Data for the task →

- - -

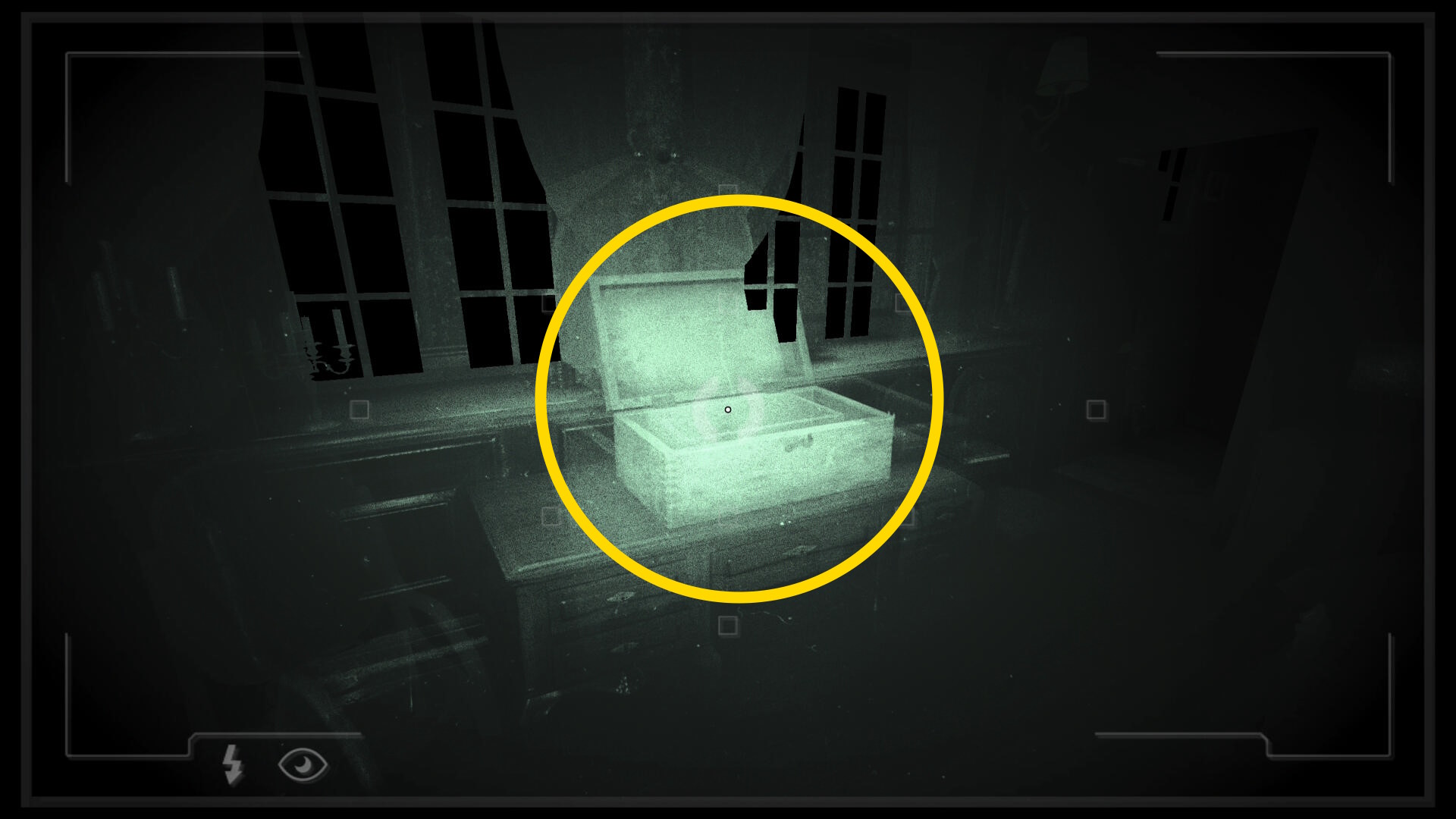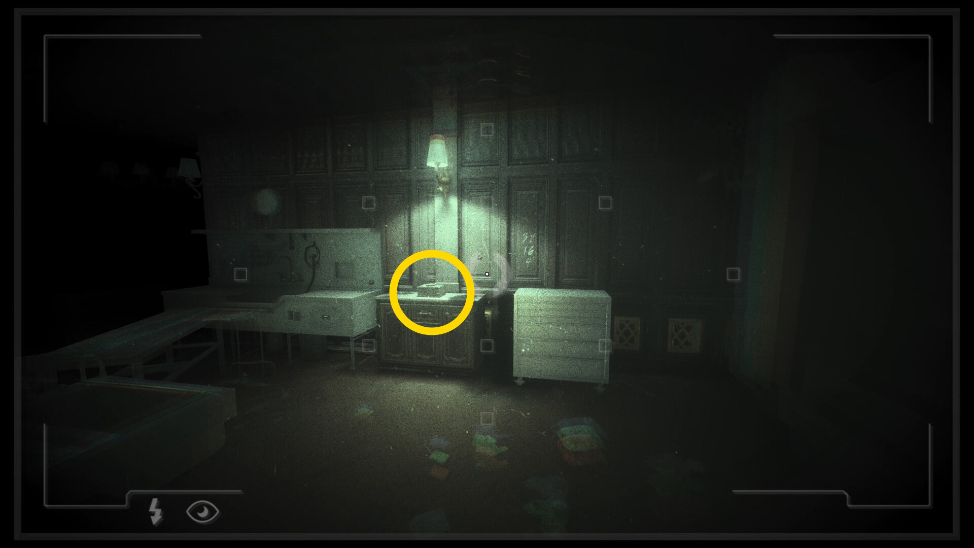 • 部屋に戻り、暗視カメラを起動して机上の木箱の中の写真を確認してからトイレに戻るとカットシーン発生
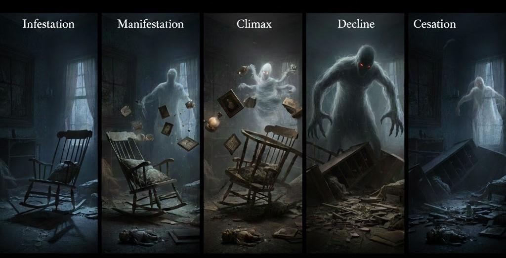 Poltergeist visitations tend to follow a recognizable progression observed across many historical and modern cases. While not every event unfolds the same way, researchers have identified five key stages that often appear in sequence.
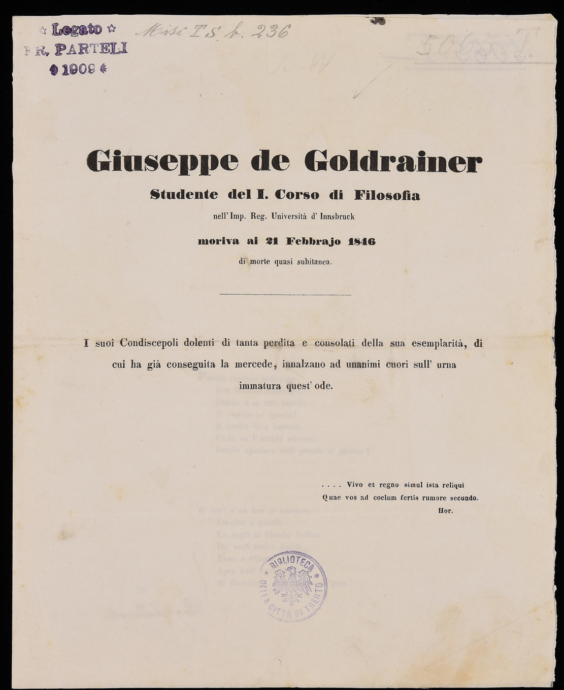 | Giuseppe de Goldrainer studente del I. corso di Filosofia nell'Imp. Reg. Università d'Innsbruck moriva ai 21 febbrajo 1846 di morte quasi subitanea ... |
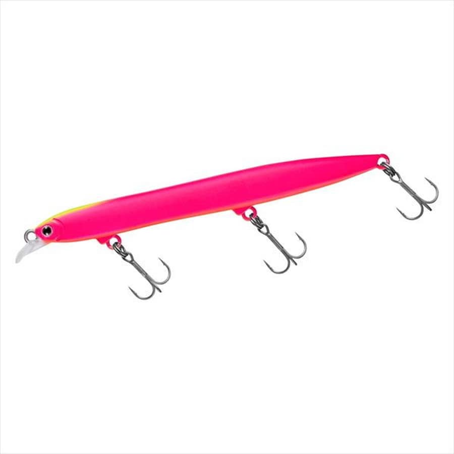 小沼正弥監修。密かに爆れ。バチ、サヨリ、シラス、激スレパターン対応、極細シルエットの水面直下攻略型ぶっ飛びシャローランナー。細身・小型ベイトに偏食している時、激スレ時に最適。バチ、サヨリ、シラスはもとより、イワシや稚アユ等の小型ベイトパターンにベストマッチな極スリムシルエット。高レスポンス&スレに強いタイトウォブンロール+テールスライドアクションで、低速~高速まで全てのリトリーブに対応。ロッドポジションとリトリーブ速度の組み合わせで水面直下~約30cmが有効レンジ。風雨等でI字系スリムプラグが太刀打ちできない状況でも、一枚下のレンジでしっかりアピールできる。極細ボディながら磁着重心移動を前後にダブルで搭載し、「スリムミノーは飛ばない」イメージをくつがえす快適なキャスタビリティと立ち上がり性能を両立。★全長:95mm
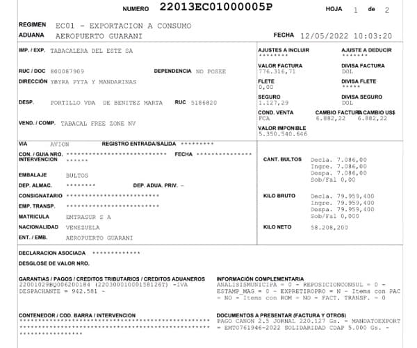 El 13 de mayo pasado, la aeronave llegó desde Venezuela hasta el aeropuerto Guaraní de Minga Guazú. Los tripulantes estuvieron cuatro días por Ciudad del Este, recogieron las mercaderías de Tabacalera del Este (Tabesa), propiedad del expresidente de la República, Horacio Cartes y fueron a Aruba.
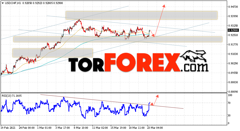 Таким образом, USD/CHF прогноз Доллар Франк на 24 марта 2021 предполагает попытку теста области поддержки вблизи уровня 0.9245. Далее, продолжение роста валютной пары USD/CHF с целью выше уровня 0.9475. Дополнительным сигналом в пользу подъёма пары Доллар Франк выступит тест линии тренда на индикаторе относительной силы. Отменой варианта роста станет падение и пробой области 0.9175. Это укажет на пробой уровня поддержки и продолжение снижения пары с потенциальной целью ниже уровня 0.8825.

- - -

Work task → Repeat the listing above exactly from its first line to the line containing "El 13 de mayo", both included, and omit the pictures.

Written solution →
 • 部屋に戻り、暗視カメラを起動して机上の木箱の中の写真を確認してからトイレに戻るとカットシーン発生
 Poltergeist visitations tend to follow a recognizable progression observed across many historical and modern cases. While not every event unfolds the same way, researchers have identified five key stages that often appear in sequence.
 | Giuseppe de Goldrainer studente del I. corso di Filosofia nell'Imp. Reg. Università d'Innsbruck moriva ai 21 febbrajo 1846 di morte quasi subitanea ... |
 小沼正弥監修。密かに爆れ。バチ、サヨリ、シラス、激スレパターン対応、極細シルエットの水面直下攻略型ぶっ飛びシャローランナー。細身・小型ベイトに偏食している時、激スレ時に最適。バチ、サヨリ、シラスはもとより、イワシや稚アユ等の小型ベイトパターンにベストマッチな極スリムシルエット。高レスポンス&スレに強いタイトウォブンロール+テールスライドアクションで、低速~高速まで全てのリトリーブに対応。ロッドポジションとリトリーブ速度の組み合わせで水面直下~約30cmが有効レンジ。風雨等でI字系スリムプラグが太刀打ちできない状況でも、一枚下のレンジでしっかりアピールできる。極細ボディながら磁着重心移動を前後にダブルで搭載し、「スリムミノーは飛ばない」イメージをくつがえす快適なキャスタビリティと立ち上がり性能を両立。★全長:95mm
 El 13 de mayo pasado, la aeronave llegó desde Venezuela hasta el aeropuerto Guaraní de Minga Guazú. Los tripulantes estuvieron cuatro días por Ciudad del Este, recogieron las mercaderías de Tabacalera del Este (Tabesa), propiedad del expresidente de la República, Horacio Cartes y fueron a Aruba.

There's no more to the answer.